We start by considering the complex polynomial

$p(z)=z^{n}-e^{\iota\theta}$

The roots of this polynomial are $e^{\iota(\theta+2k\pi)/n}, 0\leq k\leq n-1$ and $k\in\mathbb{Z}$ .
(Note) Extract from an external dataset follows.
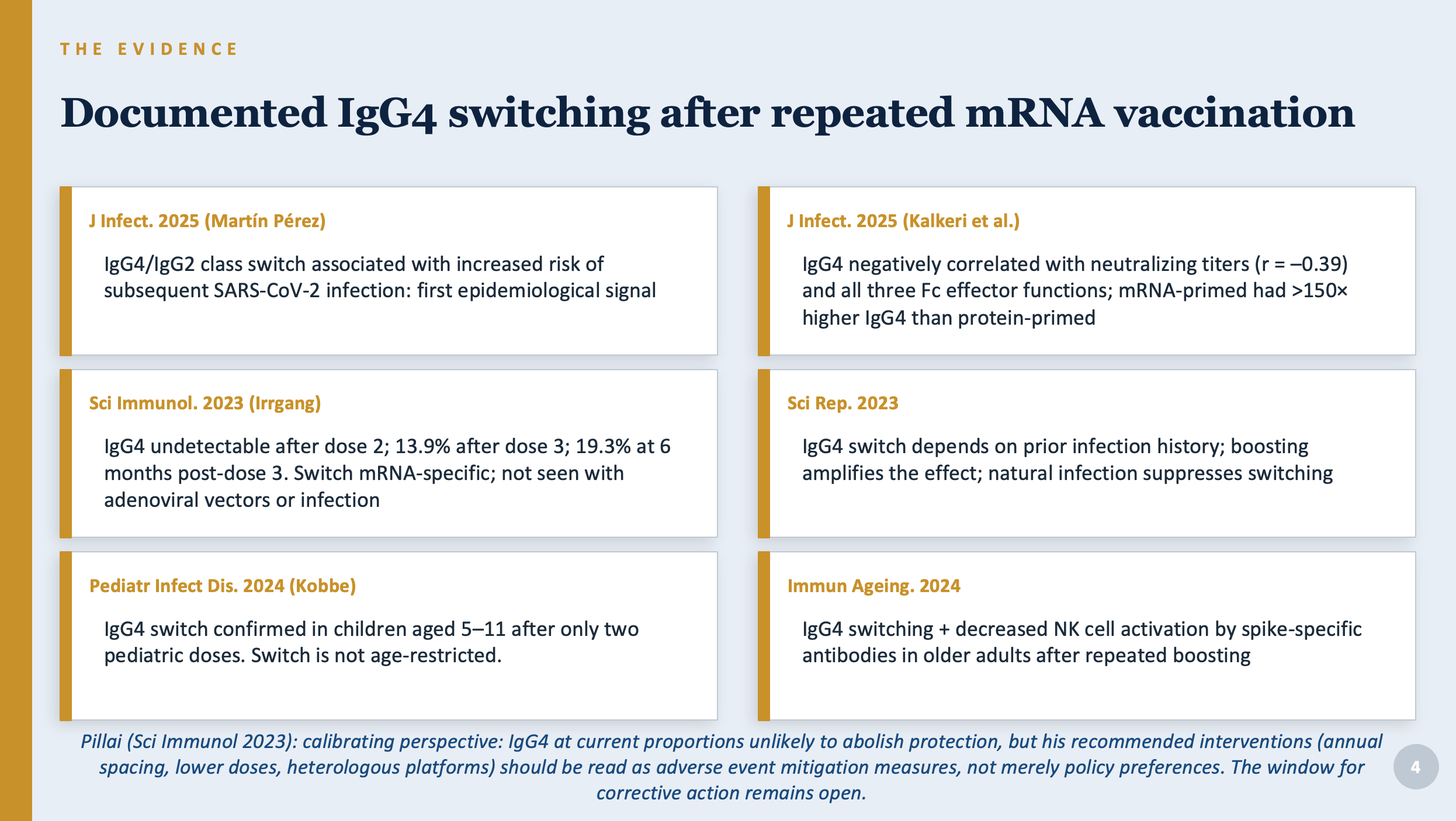 The findings for children are particularly concerning. Children face near-zero individual risk of severe COVID. The documented justification for vaccinating them rested almost entirely on reducing transmission to others. But the IgG4 shift produces an antibody profile that is poorly suited to preventing infection and transmission. And the shift occurs after only two standard pediatric doses, before any booster is even given.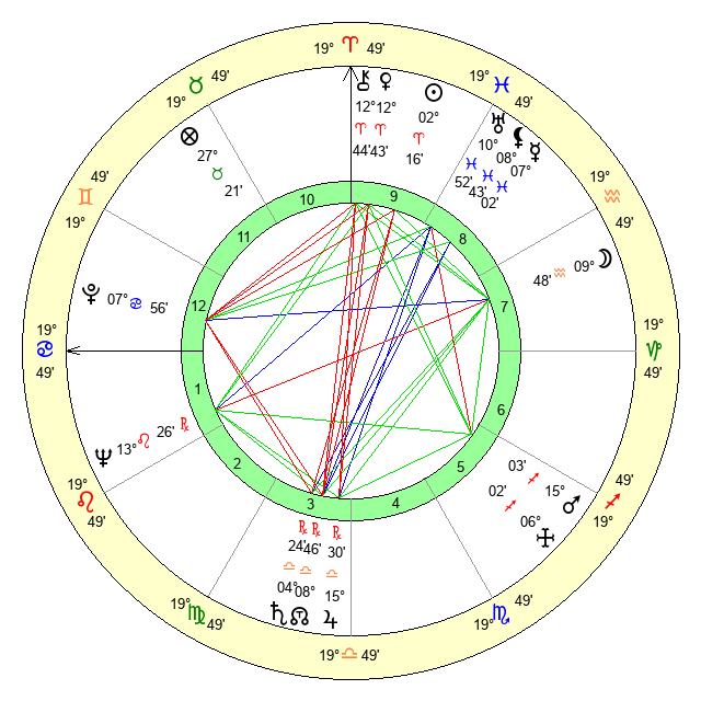 | Sun | 2 Aries 17 | 3 Aries 19 | 11 Cancer 54 |

Therefore the polynomial can be written as

$p(z)=(z-e^{\iota\theta/n})(z-e^{\iota(\theta+2\pi)/n})(z-e^{\iota(\theta+4\pi)/n})...(z-e^{\iota(\theta+2(n-1)\pi)/n})$

Substituting $z=1$ we get

$1-e^{\iota\theta}=(1-e^{\iota\theta/n})\displaystyle\prod_{k=1}^{n-1} \left( -2\iota\sin\left( \dfrac{\theta+2k\pi}{2n}\right)e^{\iota(\theta+2k\pi)/2n}\right)$

On simplifying the above identity we get

$\displaystyle\prod_{k=1}^{n-1} \sin\left( \dfrac{\theta+2k\pi}{2n}\right)=\dfrac{\sin (\theta/2)}{2^{n-1}\sin (\theta/2n)}$

$\therefore\displaystyle\sum_{k=1}^{n-1} \ln\left( \sin\left( \dfrac{\theta+2k\pi}{2n}\right)\right)=\ln\sin\dfrac{\theta}{2}-\ln\sin\dfrac{\theta}{2n}+\ln\left( \dfrac{1}{2^{n-1}}\right)$

Differentiating both sides w.r.t. $\theta$

$\displaystyle\sum_{k=1}^{n-1}\cot\left( \dfrac{\theta+2k\pi}{2n}\right)=n\cot\dfrac{\theta}{2}-\cot\dfrac{\theta}{2n}$

Again differentiating w.r.t. $\theta$

$\displaystyle\sum_{k=1}^{n-1}\csc^{2}\left( \dfrac{\theta+2k\pi}{2n}\right)=n^{2}\csc^{2}\dfrac{\theta}{2}-\csc^{2}\dfrac{\theta}{2n}$

Using the identity $1+\cot^{2}\theta=\csc^{2}\theta$ we get

$\displaystyle\sum_{k=1}^{n-1}\cot^{2}\left( \dfrac{\theta+2k\pi}{2n}\right)=n^{2}\csc^{2}\dfrac{\theta}{2}-\csc^{2}\dfrac{\theta}{2n}-n+1$

Now substitute $\theta=\pi,n=50$ to obtain

$\displaystyle\sum_{k=1}^{49}\cot^{2}\left( \dfrac{(2k+1)\pi}{100}\right)=2451-\csc^{2}\dfrac{\pi}{100}$

$\therefore a+b=\boxed{2551}$